When Song Lyrics Suddenly Become Unacceptable

When Rickie Lee Jones released an album of cover songs more than 15 years ago The Curmudgeon couldn’t stop listening to it.  He probably listened to it at least twice a week for more about a year.  If you were ever interested in what the My Fair Lady song “On the Street Where You Live” might sound like as a jazz song, Rickie Lee sang it.  If you ever wondered if anyone other than Traffic could possibly sing “Low Spark of High-Heeled Boys,” wonder no more.  If you pondered whether it might be possible for Rickie Lee to sing a duet with Joe Jackson on the West Side Story song “One Hand, One Heart,” well, it is, and it’s as adenoidally wonderful as it is absolutely strange.  The Curmudgeon was so enthusiastic about the album that he made a copy for his sister.

A few weeks later The Curmudgeonly Sister told of her listening:  that she was in her office first thing in the morning, when the building where she works is mostly empty, and she put the tape into the boom box she keeps on the other side of her office and turned up the volume.

“Great,” The Curmudgeon thought to himself, knowing first, that sister rarely listens to music he gives her and second, that he had been trying to get her to listen to Rickie Lee Jones for more than two decades without even a hint of success.

So sister relates that she practically leaped out of her seat when the Rickie Lee cover of Steely Dan’s “Show Biz Kids” came to the lines

Show biz kids making movies

Of themselves you know they

Don’t give a fuck about anybody else

“Are you trying to get me fired?” she asked.

She had a point:  it’s an interesting version of an interesting song but in the wrong place at the wrong time.  Brother had no idea sister used her pre-work quiet time to listen to music and apologized even though, in the broader scheme of things, he had done nothing wrong.

The Curmudgeon’s not sure he believes there’s such a thing as absolutely inappropriate song lyrics but he does believe there are some lyrics that are inappropriate for some of the people some of the time.  This belief was reinforced recently when he decided to listen to the 1970s Warren Zevon album Excitable Boy one evening while cooking dinner because he likes some energy when he cooks; mournful and slow stuff just doesn’t cut it.  His teenaged stepson was home and he does his school work in silence at the dining room table in the adjacent room (open concept!) but J was taking a break from studying, his headphones on and his face buried in his iPhone, and The Curmudgeon thought he would take advantage of the lull in the need for silence to crank up the music while cooking the shepherd’s pie.

When you’ve listened to an album as often as The Curmudgeon has listened to Excitable Boy – maybe 100 times over the years, make that 101 because he’s listening now as he writes this – you tend not to pay attention to the lyrics as much as you once did and just revel in the sound and the strong atty-tood of pretty much anything Zevon writes (his final album, released after he was told he had only a few months left to live, included a song titled “My Shit’s Fucked Up”).
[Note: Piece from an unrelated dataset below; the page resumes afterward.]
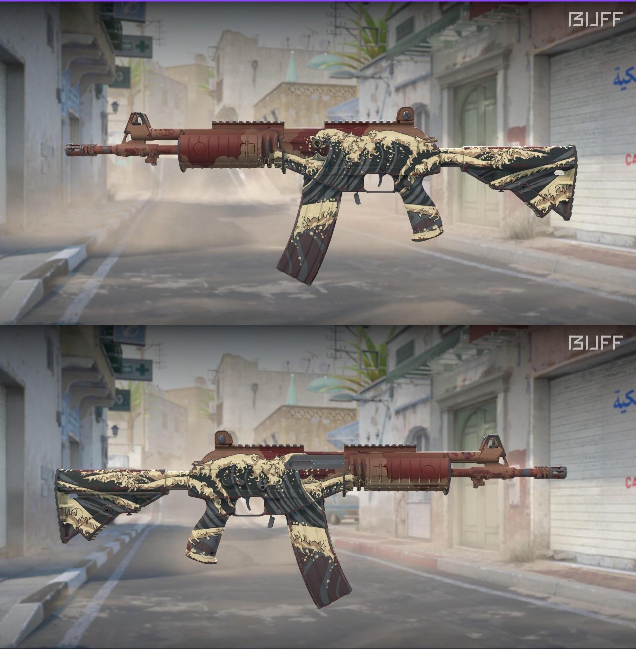 如名,枪身上一场海啸的场景,背景选择了红色,看起来更有感觉了,而且不同模板的海啸样子不一样的哦,有些吃磨损,亮度也会受一些影响,推荐略磨入手,可考虑暗金(31)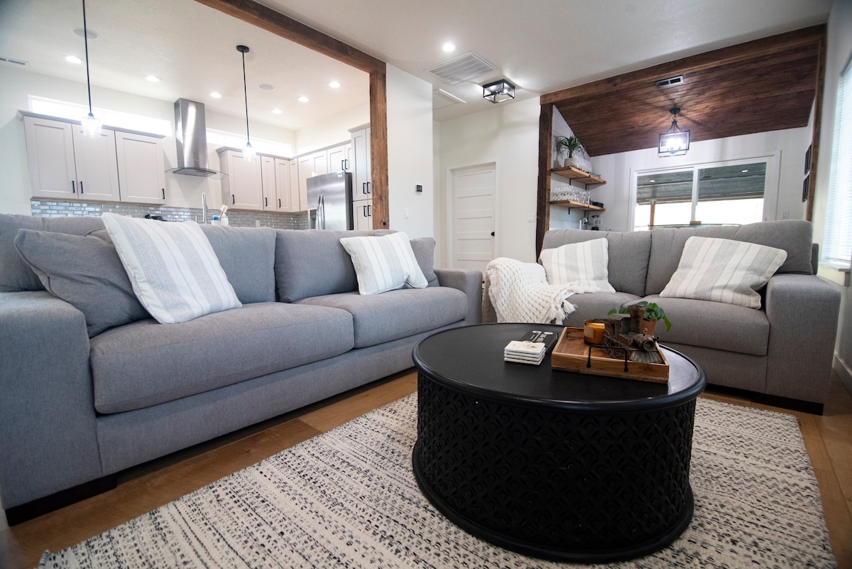 こちらはかわいくて便利な家で、寝室2部屋とフルバスルーム2つがあります。私たちは、この場所をピカピカに保つことに誇りを持っており、自宅のように感じられるように細部にまでこだわっています。新品の豪華なマットレス、巨大なメモリーフォームのビーンバッグ、快適なソファーが備わっており、出たくなくなるかもしれません。自転車、クーラー、犬小屋を備えたガレージは、滞在をより快適にするための特別な便利さを提供します

So it was with a sense of something between dismay and horror that The Curmudgeon slowly processed the words coming out of the little desktop speaker:

Well, he went down to dinner in his Sunday best
Excitable boy, they all said
And he rubbed the pot roast all over his chest
Excitable boy, they all said
Well, he’s just an excitable boy

Well that’s not good, but it’s not so bad, right?

But then the song continued:

He took in the four a.m. show at the Clark
Excitable boy, they all said
And he bit the usherette’s leg in the dark
Excitable boy, they all said
Well, he’s just an excitable boy

Okay, that’s worse, but surely that’s the extent of it.

He took little Suzie to the Junior Prom
Excitable boy, they all said
And he raped her and killed her, then he took her home
Excitable boy, they all said

Now that’s pretty bad, but it’s not going to get worse.

After ten long years they let him out of the home
Excitable boy, they all said
And he dug up her grave and built a cage with her bones
Excitable boy, they all said
Well, he’s just an excitable boy

Okay, it DID get worse, and the only saving grace was that J never raised his face from his iPhone or acknowledged hearing anything unusual – or hearing anything at all, for that matter.  The Curmudgeon grabbed his iPod, turned off Excitable Boy, and made a mental note to pay more attention in the future when he turns on the music with an impressionable 17-year-old in the next room.